### [BRIEF]
A complete answer retypes each of the records below precisely and includes none of the pictures.

### [RECORDS SUPPLIED]
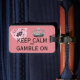 Keep calm and carry on with Las Vegas tours or gambling as you travel with a cute Las Vegas luggage bag tag for those who love casino nightlife on the Strip in Nevada. Pretty pink background.
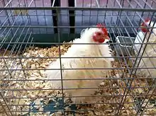 The Frizzle is a breed of chicken with characteristic curled or frizzled plumage. While the frizzle gene can be seen in many breeds, such as the Pekin and Polish, the Frizzle is recognised as a distinct breed in a number of European countries[4][6] and Australia.[2] In the United States frizzled chickens are not considered a breed, and at shows are judged by the standards of the breed they belong to.[7]:24
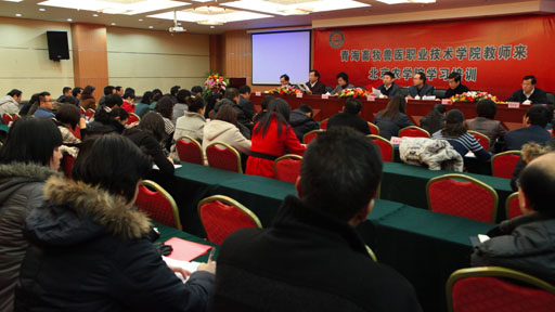 1月5日上午,青海畜牧兽医职业技术学院教师学习培训班开班典礼在北农科技交流中心隆重举行,32名教师将在我校进行为期2周的学习交流。北京市教委委员叶茂林,青海畜牧兽医职业技术学院院长杨予海,我校党委书记王慧敏,校长王有年,校长助理、教务处处长范双喜,党政办公室主任华玉武出席典礼。
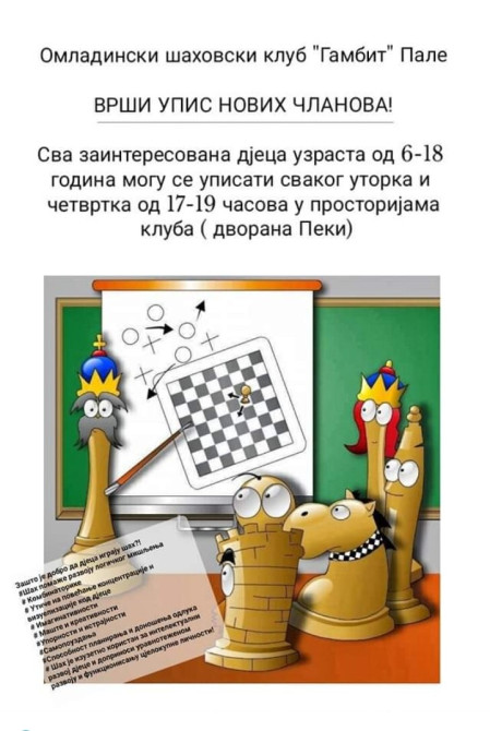 Paljanski Omladinski šahovski klub "Gambit" jedan od najboljih klubova u Republici Srpskoj u konkurenciji mlađih kategorija vrši upis novih članova.
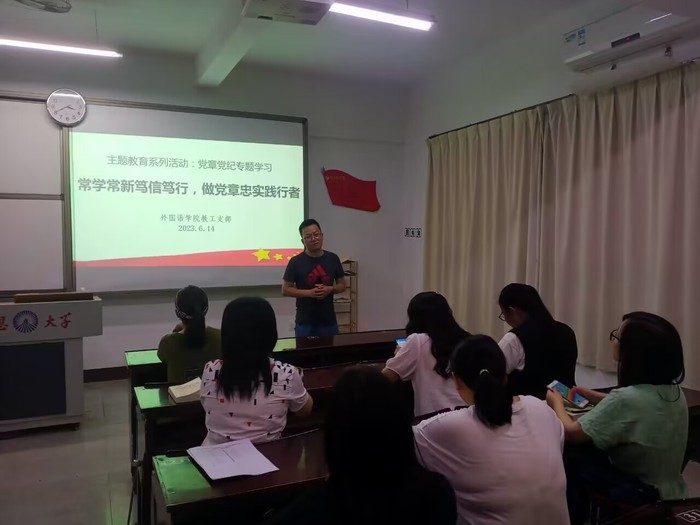 蔡维同志从党的历史和相关理论知识出发,深入解读了党章,强调了新时代高校教师作为党员的责任和使命。他强调了做党章忠实践行者的重要性。党章是党员行动的准则,是我们理想信念的坚定保证。党员同志要深入学习党章,自觉遵守党章,用党章引领自己的一切行为。无论在工作、学习还是生活中,党员教师们都要秉持党章精神,严于律己,勤政为民,以优异成绩向党和人民交出一份满意的答卷。
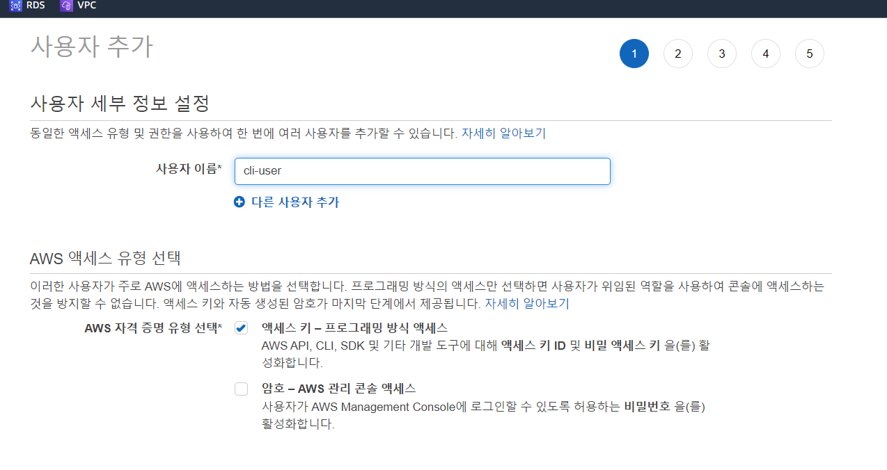 두 번째 체크는 액세스키와 시크릿키가 자동으로 생성되는 것.

### [EXERCISE RESULT]
 Keep calm and carry on with Las Vegas tours or gambling as you travel with a cute Las Vegas luggage bag tag for those who love casino nightlife on the Strip in Nevada. Pretty pink background.
 The Frizzle is a breed of chicken with characteristic curled or frizzled plumage. While the frizzle gene can be seen in many breeds, such as the Pekin and Polish, the Frizzle is recognised as a distinct breed in a number of European countries[4][6] and Australia.[2] In the United States frizzled chickens are not considered a breed, and at shows are judged by the standards of the breed they belong to.[7]:24
 1月5日上午,青海畜牧兽医职业技术学院教师学习培训班开班典礼在北农科技交流中心隆重举行,32名教师将在我校进行为期2周的学习交流。北京市教委委员叶茂林,青海畜牧兽医职业技术学院院长杨予海,我校党委书记王慧敏,校长王有年,校长助理、教务处处长范双喜,党政办公室主任华玉武出席典礼。
 Paljanski Omladinski šahovski klub "Gambit" jedan od najboljih klubova u Republici Srpskoj u konkurenciji mlađih kategorija vrši upis novih članova.
 蔡维同志从党的历史和相关理论知识出发,深入解读了党章,强调了新时代高校教师作为党员的责任和使命。他强调了做党章忠实践行者的重要性。党章是党员行动的准则,是我们理想信念的坚定保证。党员同志要深入学习党章,自觉遵守党章,用党章引领自己的一切行为。无论在工作、学习还是生活中,党员教师们都要秉持党章精神,严于律己,勤政为民,以优异成绩向党和人民交出一份满意的答卷。
 두 번째 체크는 액세스키와 시크릿키가 자동으로 생성되는 것.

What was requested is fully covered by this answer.